[The problem] Reproduce exactly, and only, the lines below from the one containing "Hermes Birkin 30" through the one containing "abaixo de zero.".

[The records]
--- START ---

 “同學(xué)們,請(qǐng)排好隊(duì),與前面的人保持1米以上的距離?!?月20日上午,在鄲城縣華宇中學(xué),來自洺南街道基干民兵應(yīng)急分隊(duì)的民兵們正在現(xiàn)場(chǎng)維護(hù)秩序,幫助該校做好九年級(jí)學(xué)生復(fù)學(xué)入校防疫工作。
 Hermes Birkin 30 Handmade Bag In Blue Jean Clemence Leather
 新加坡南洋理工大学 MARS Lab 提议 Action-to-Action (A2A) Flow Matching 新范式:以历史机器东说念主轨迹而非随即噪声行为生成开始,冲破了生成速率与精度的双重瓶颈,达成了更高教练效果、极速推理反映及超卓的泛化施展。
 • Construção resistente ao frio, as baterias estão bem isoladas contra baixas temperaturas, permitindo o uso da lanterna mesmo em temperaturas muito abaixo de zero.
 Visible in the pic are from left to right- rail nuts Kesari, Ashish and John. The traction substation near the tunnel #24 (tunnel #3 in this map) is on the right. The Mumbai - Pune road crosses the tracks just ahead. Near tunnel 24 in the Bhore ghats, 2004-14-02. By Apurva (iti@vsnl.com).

--- END ---
--- START ---

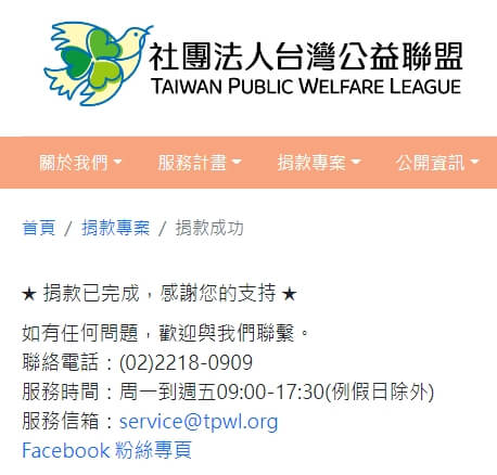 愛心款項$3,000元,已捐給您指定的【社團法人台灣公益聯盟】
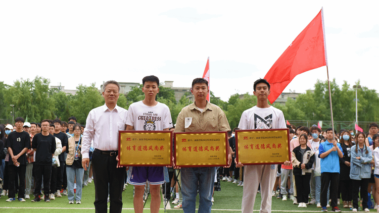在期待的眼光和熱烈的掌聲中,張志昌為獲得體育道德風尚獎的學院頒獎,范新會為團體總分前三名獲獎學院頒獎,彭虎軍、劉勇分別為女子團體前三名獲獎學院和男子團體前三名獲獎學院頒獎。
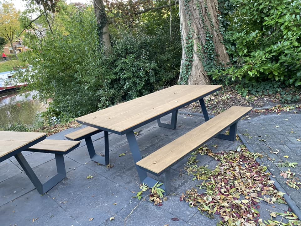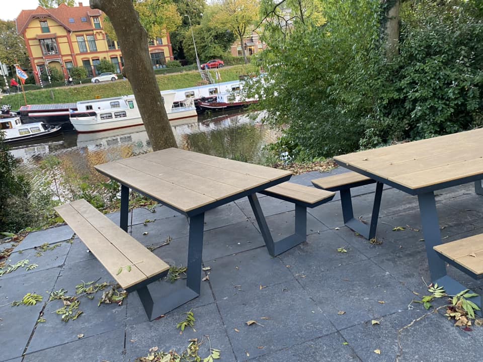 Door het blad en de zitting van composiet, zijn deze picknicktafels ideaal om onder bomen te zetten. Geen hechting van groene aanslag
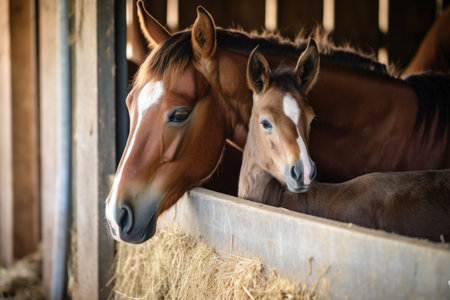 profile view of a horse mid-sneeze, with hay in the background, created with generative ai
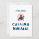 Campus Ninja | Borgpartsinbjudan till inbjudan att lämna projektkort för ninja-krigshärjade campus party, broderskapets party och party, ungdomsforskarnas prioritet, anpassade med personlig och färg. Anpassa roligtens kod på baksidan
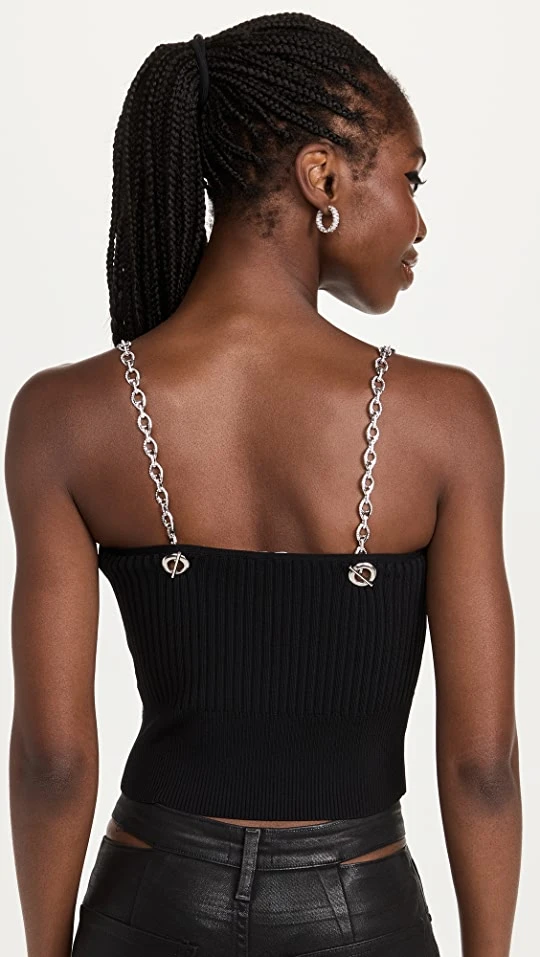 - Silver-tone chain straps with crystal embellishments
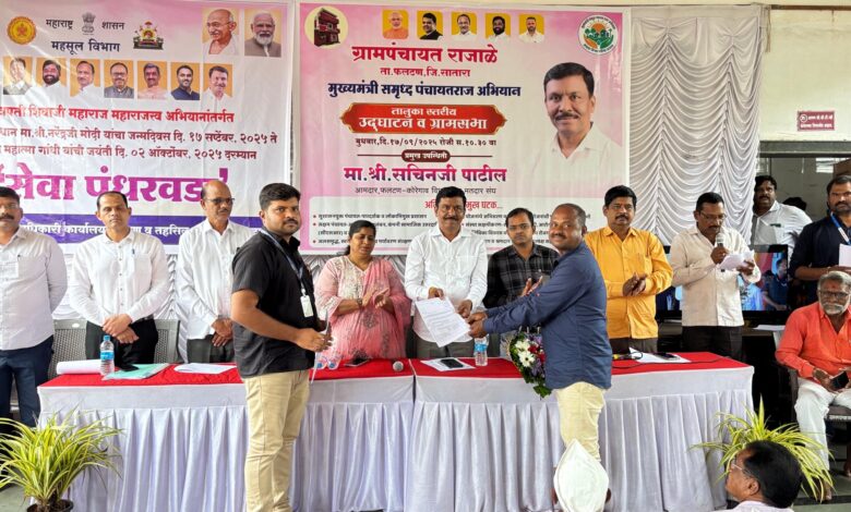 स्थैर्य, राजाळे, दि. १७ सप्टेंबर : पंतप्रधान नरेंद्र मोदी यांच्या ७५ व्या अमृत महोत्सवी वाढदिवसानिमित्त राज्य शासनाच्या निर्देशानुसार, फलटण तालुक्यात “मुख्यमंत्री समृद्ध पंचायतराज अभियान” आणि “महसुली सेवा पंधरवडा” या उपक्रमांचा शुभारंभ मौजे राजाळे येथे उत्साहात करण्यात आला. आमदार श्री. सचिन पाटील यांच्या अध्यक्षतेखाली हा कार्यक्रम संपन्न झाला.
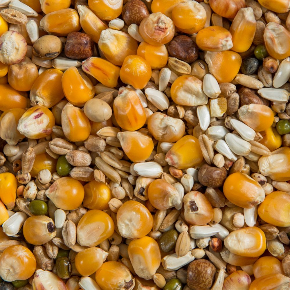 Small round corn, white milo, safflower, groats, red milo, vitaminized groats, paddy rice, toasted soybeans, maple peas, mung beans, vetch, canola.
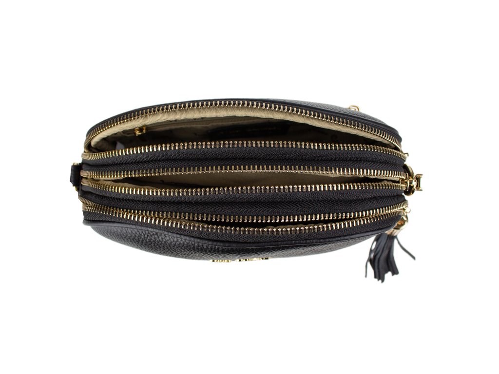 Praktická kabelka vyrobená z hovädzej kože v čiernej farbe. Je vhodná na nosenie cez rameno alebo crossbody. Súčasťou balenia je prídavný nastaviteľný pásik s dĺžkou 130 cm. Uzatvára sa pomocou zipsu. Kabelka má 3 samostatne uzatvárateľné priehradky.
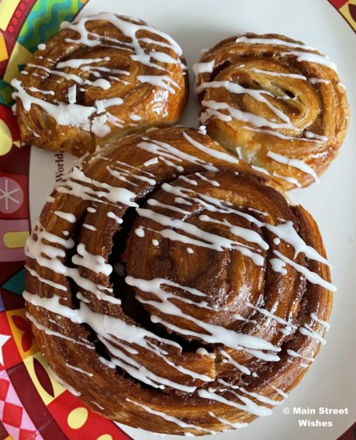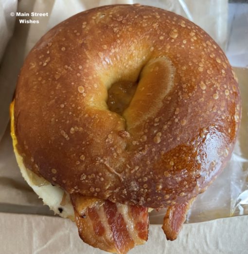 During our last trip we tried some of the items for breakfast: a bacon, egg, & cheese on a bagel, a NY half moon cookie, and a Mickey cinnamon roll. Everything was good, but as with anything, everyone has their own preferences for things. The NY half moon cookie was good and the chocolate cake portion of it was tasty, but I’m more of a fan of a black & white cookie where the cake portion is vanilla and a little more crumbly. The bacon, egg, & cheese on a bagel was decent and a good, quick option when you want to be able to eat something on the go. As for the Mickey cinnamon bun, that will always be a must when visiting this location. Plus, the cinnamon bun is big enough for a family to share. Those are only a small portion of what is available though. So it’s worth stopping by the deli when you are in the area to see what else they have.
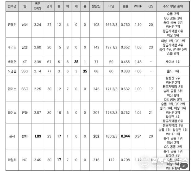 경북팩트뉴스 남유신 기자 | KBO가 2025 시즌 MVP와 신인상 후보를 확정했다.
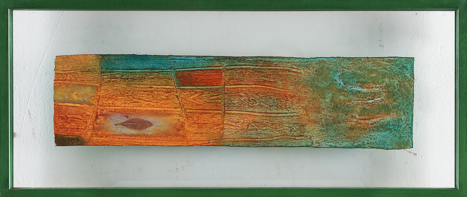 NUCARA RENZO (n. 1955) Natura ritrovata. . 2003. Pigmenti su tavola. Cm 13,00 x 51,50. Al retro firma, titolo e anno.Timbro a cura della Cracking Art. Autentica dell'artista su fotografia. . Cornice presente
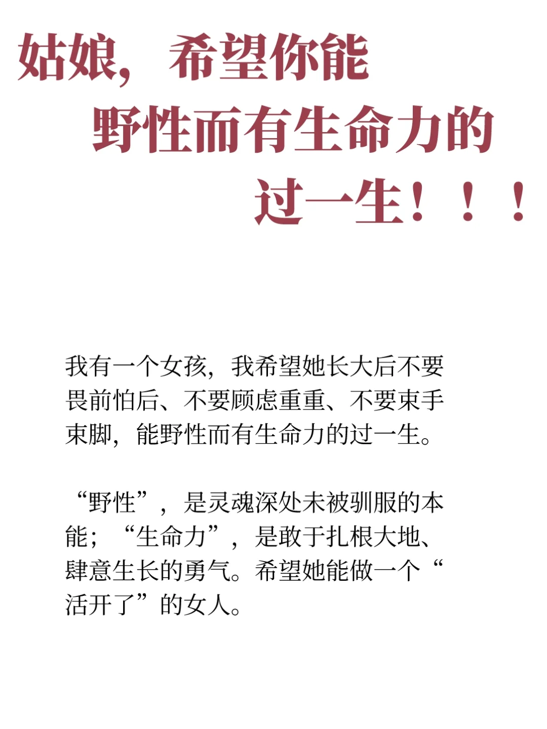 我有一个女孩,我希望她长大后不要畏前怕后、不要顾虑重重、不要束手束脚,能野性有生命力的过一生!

--- END ---
--- START ---

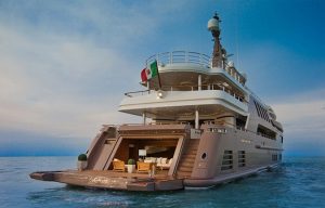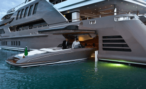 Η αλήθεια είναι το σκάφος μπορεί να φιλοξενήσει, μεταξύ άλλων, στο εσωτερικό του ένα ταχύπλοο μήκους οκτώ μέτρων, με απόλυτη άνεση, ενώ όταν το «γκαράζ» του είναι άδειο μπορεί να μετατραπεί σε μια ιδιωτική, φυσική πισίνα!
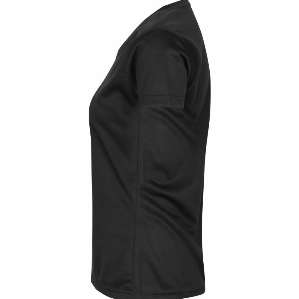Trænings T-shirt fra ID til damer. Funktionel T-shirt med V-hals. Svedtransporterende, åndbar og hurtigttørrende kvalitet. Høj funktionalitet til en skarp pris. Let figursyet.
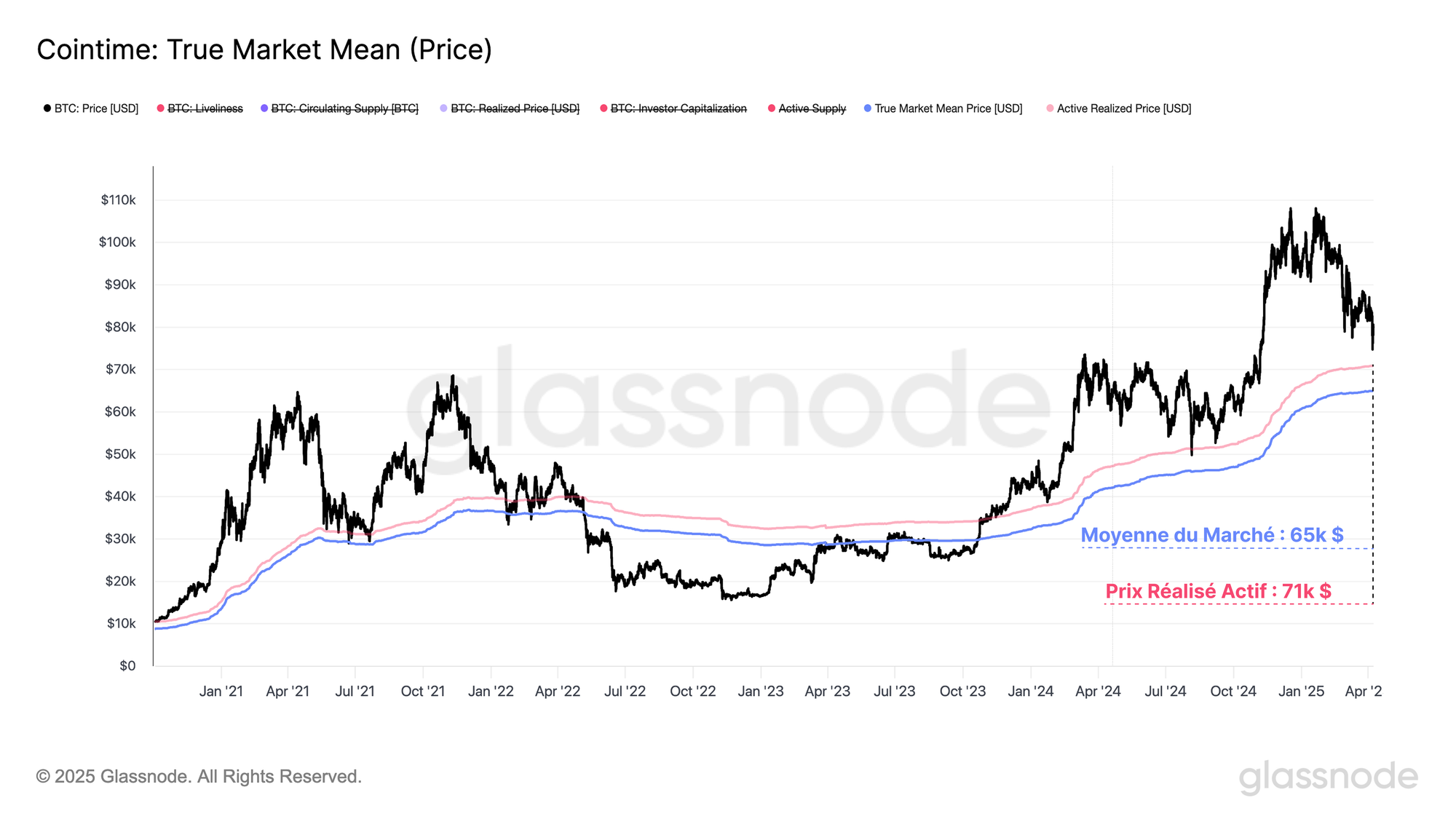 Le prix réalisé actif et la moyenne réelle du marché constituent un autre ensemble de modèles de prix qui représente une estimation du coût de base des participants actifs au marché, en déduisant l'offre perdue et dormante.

--- END ---

[Solution for this exercise]
 Hermes Birkin 30 Handmade Bag In Blue Jean Clemence Leather
 新加坡南洋理工大学 MARS Lab 提议 Action-to-Action (A2A) Flow Matching 新范式:以历史机器东说念主轨迹而非随即噪声行为生成开始,冲破了生成速率与精度的双重瓶颈,达成了更高教练效果、极速推理反映及超卓的泛化施展。
 • Construção resistente ao frio, as baterias estão bem isoladas contra baixas temperaturas, permitindo o uso da lanterna mesmo em temperaturas muito abaixo de zero.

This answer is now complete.